Various industry efforts are underway to institute common measurement approaches. Sun Microsystems is promoting their Space, Watts and Performance (SWaP) metric, a measure of relative server efficiency. By weighing performance against power consumption and space utilization the metric provides a more accurate and holistic measure of the efficiency of rack-optimized systems. While useful, SWaP is too narrowly focused on servers and too tightly tied to Sun’s product line.
An industry consortium, The Green Grid (http://thegreengrid.org), is taking a more comprehensive approach. Broadly represented by companies including Dell, HP, IBM, AMD, Intel, APC, Microsoft, Sun and VMWare, the group is chartered with establishing “meaningful, platform-neutral standards, measurement methods, processes and new technologies to improve energy efficient performance of global data centers.” In the short term, The Green Grid is promoting two related metrics: Power Utilization Effectiveness (PUE) and Data Center Efficiency (DCE). PUE is defined as Total Facility Power (including Power Distribution Units, generators, UPS and cooling systems) divided by IT Equipment Power (including all IT equipment such as servers, storage devices and network switches), while DCE is the reciprocal measure (1/PUE). The measures provide benchmarks for comparing the overall energy efficiency of data centers, establishing trends and measuring the effectiveness of design changes. Longer term, the group is looking to enhance the utility of those measures by adding additional granularity while also looking to advance a more sophisticated metric: Data Center Power Efficiency (DCPE) which divides Useful Work by Total Facility Power. In addition, The Green Grid plans to work with the industry to establish energy efficiency guidelines for all data center equipment.

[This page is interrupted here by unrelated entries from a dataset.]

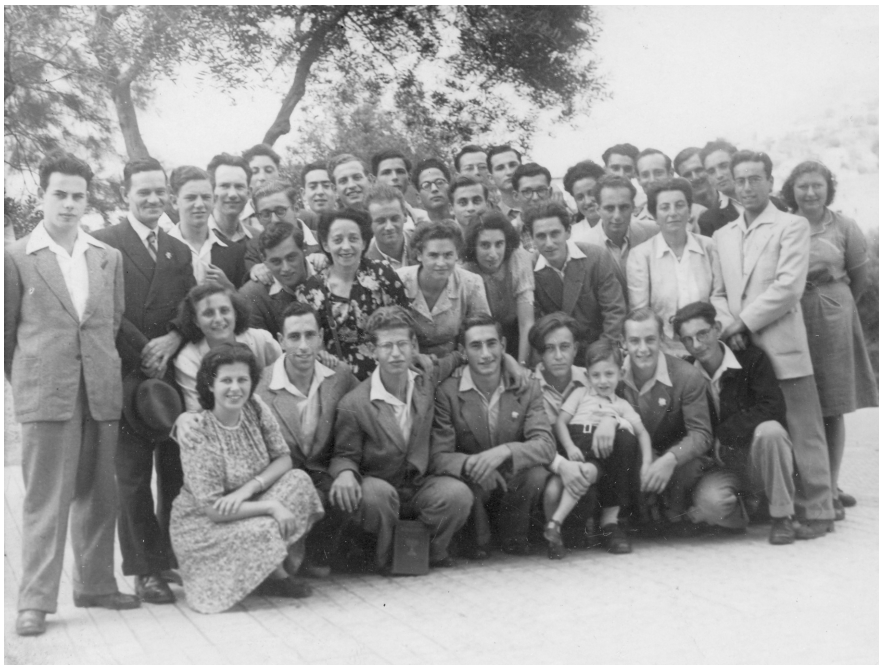
Abb. 6: A group of pioneers who escaped to Spain meeting in Barcelona. Date and photographer unknown.

came from Germany and Austria; a smaller number from countries such as Poland, Czechoslovakia, and the Netherlands.
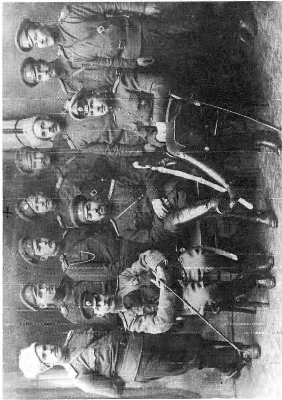
Venäjästä sotaväkeä Uudessakaarlepyyssä.
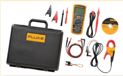
Fluke 1587 FC ET Sähköjärjestelmien tehokas vianhakupaketti
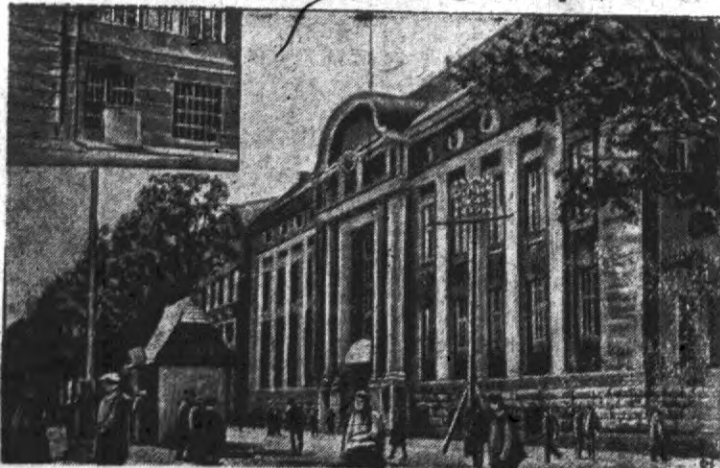
Gmach Banku Handlowego w Łodzi, w którym 2 dni temu dokonano znanego Czytelnikom napadu rabunkowego.
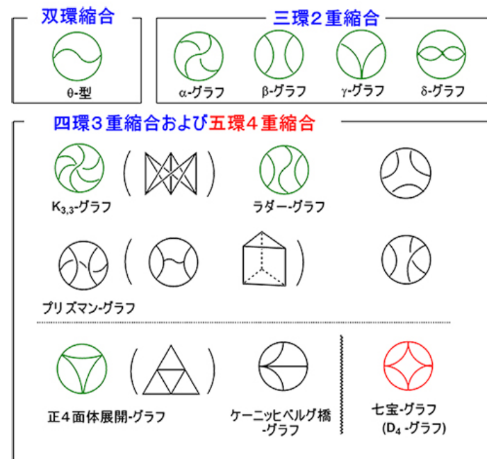
図1. 五環4重縮合トポロジーの七宝文様高分子(赤で表示)と関連する多環状多重縮合構造高分子の「かたち」(なお、当研究室でこれまでに合成された高分子を緑で表示している)

さらにこのESA-CF法と新しい有機合成化学手法(クリック法やクリップ法など)を組み合わせ、新奇トポロジー高分子を自在に提供するブレークスループロセスの開発を進めてきた。
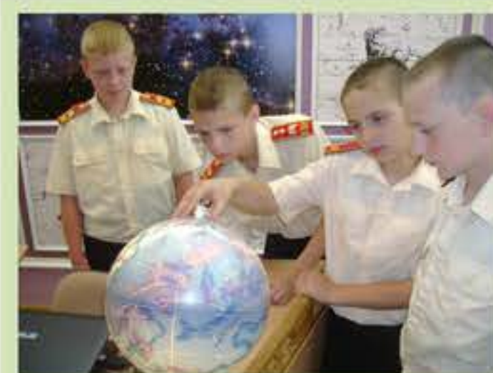
Вот оно какое – звёздное небо!

Еще одно незабываемое путешествие осталось в памяти – экскурсия на автозавод. Ведь только там можно было увидеть все модели, которые выпустил завод с первых дней работы на Ульяновской земле. А еще в машину можно было залезть и почувствовать себя настоящим водителем. Необычные впечатления от разговора с настоящим испытателем УАЗов долго были
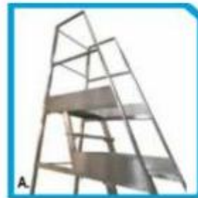
Particolare doppio pianerottolo
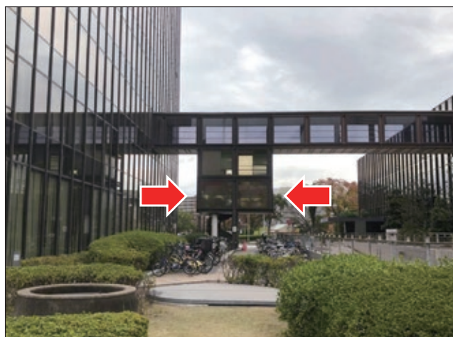
図4. 北九州市役所、渡り廊下2階の喫煙室（2019年11月）

北海道の素晴らしい決定の一方、2019年8月号で紹介したように北九州市は屋外に喫煙室を残しています（図4）。しかも、最近になって外から見えにくくするためのフィルムまで貼られています（きっと税金から支出されていると思います）（図5）。
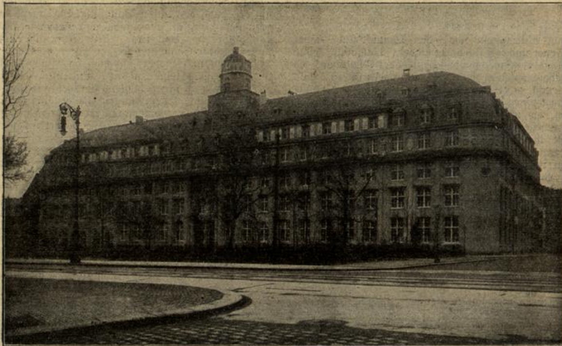
Der Neubau der Dresdener Oststrassenkass. (Mit Text.)

eilten sie in scharfem Trabe davon. Gräfin Smaragda
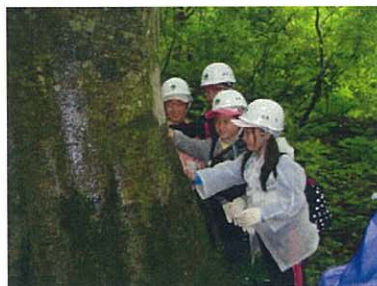
ブナ巨木に触れて
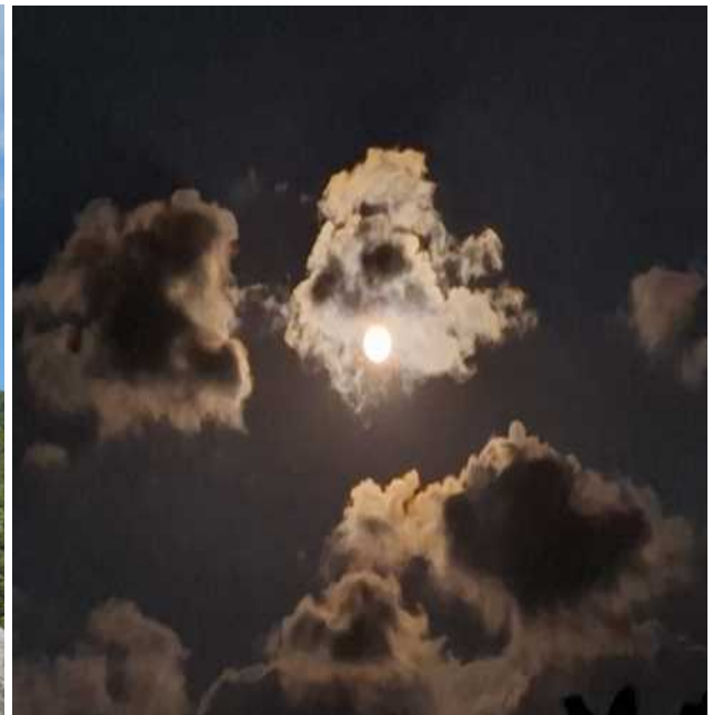
Erster Vollmond im 2026
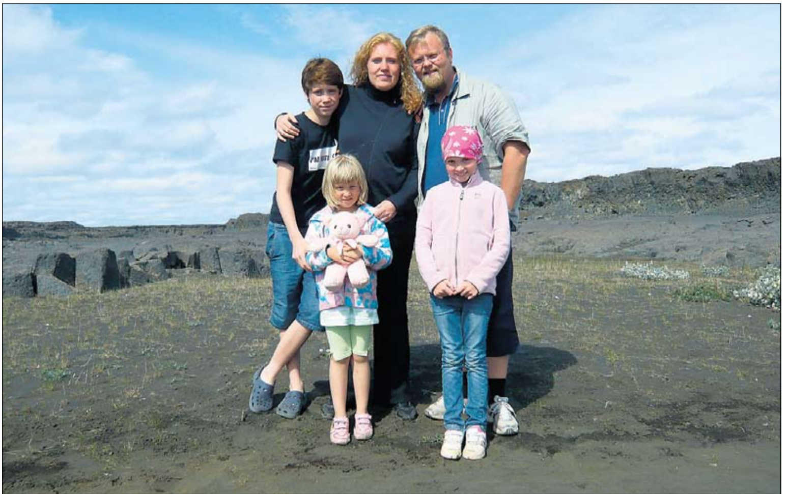
Með fjölskyldunni á ferð á Norðurlandi
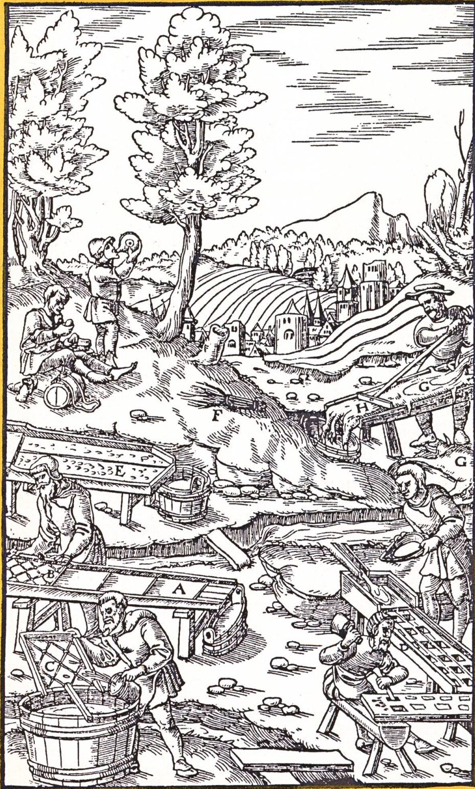
Der Planenherd A. Sein Haupt mit Vertiefungen und Rillen B. Das abgenommene Haupt wird in einem Fasse gewaschen C. Der Herd mit rechteckigen Vertiefungen D. Ein Herd, an dessen Brettern kleine Flitterchen hängenbleiben E. Besen F. Stierhäute G. Die Kiste H.
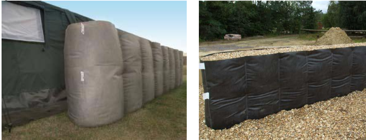
3. ábra. DEFENCELL modulok alkalmazási lehetőségei 10

azonban nem szabad elfelejteni a személyek ellenőrzésének, valamint a robbanószerkezet észlelésének, felfedésének fontosságáról sem! Erre alkalmazhatók a különböző röntgenberendezések, a milliméteres hullámhosszúságon működő szkennerok, amelyek a ruházaton is „átlátnak”, valamint a gázkromatográfiás berendezések, melyek a levegőből vett „szagmintával” képesek az ellenőrzésre.
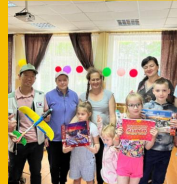
주거 지원 Housing Support
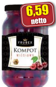
6,59 netto Kompot wiśniowy 900 ml S05070000009
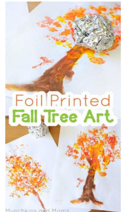
Munchkins and Moms

Este mes estamos haciendo un libro del alfabeto juntos. Cada grupo hará una página del libro, dedicada a la letra del día, encontrando imágenes de las cosas que comienzan con esa letra, y pegándolas a su página con pegamento.
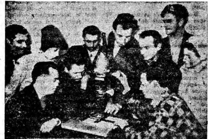
Înainte de a trece la fotografiere, cunoașterea tehnicii aparatelor de laborator este indispensabilă.
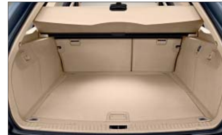
La copertura avvolgibile si solleva automaticamente quando si apre il portellone o il lunotto.
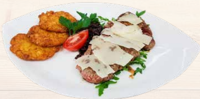
Rinds-Tagliata / Tagliata di manzo
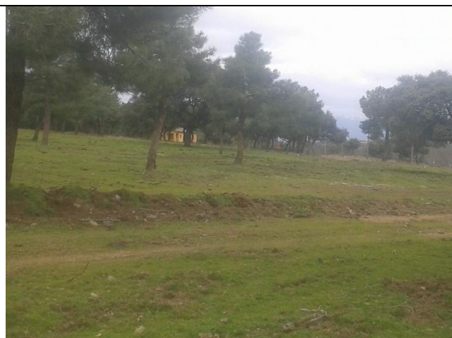
Terrenos forestales al oeste de la M-600 y al norte de la gasolinera
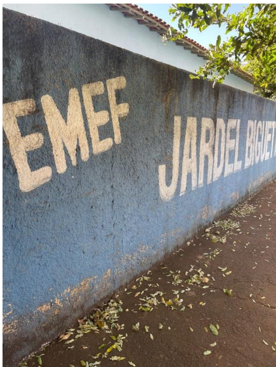
Figura 1 - Fachada
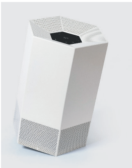
Blanc crème RÉF. 8 77 2127-WH
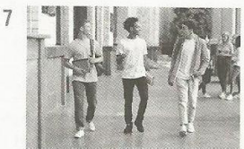
leave assembly / school
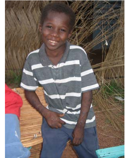
Issa, November 07

sich in der Lage, ihn bei sich aufzunehmen. In ihrer Verzweiflung erkundigte sie sich nach dem nächstgelegenen Waisenhaus in

The government is getting into the act as well. The Environmental Protection Agency (EPA) has begun a six-month study of data center power consumption, as required by the recently passed HR 5646. The study will be an extension of the existing Energy Star program and will examine trends and best practices and encourage the development of energy efficient data centers. It will provide guidelines for the private sector and drive efforts to reduce IT energy costs throughout the U.S. government.
Clearly, the issue of data center power consumption is becoming an increasingly critical cost driver. By proactively focusing resources in this area and leveraging emerging metrics and best practices financial services organizations can effectively reduce cost, mitigate risk and enhance agility.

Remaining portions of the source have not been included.